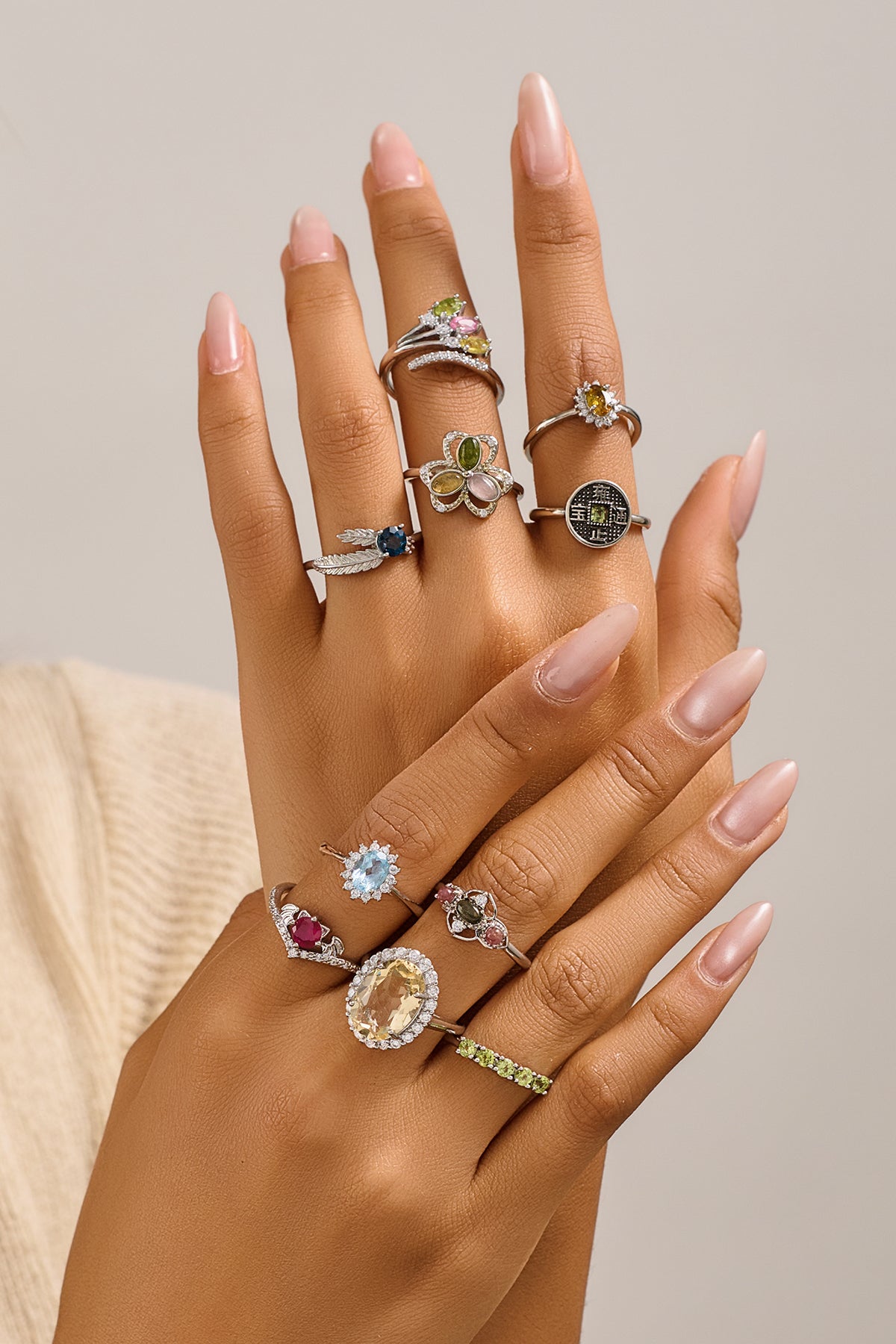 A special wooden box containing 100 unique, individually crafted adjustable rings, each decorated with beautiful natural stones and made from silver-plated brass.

--

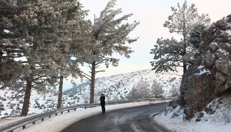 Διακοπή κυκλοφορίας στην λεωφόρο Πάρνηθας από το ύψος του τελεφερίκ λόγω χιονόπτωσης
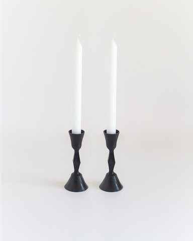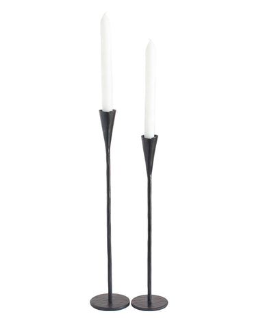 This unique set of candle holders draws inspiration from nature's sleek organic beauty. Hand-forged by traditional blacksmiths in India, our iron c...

--

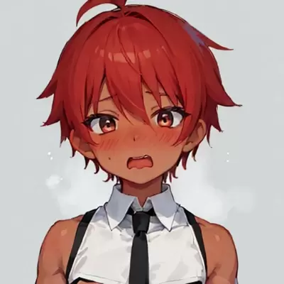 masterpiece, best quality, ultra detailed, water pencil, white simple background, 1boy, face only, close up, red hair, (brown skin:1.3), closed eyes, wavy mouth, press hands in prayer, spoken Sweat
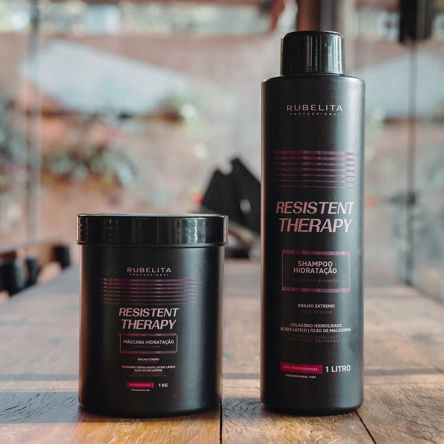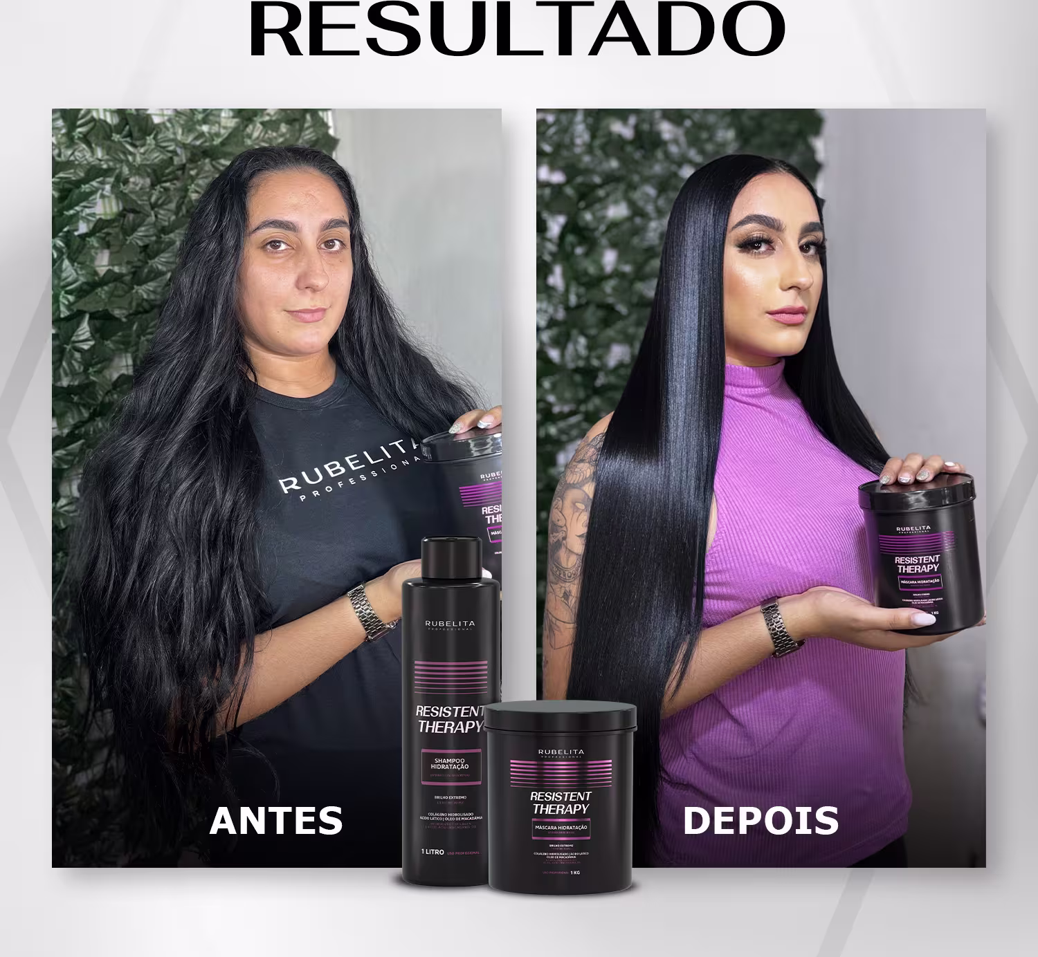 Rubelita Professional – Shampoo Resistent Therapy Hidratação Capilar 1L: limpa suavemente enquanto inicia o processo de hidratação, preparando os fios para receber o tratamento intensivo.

The task → Repeat exactly, and only, the entries from the line with "masterpiece, best quality, ultra" through the line with "Rubelita Professional –". Pictures are skipped.

Result of the exercise →
 masterpiece, best quality, ultra detailed, water pencil, white simple background, 1boy, face only, close up, red hair, (brown skin:1.3), closed eyes, wavy mouth, press hands in prayer, spoken Sweat
 Rubelita Professional – Shampoo Resistent Therapy Hidratação Capilar 1L: limpa suavemente enquanto inicia o processo de hidratação, preparando os fios para receber o tratamento intensivo.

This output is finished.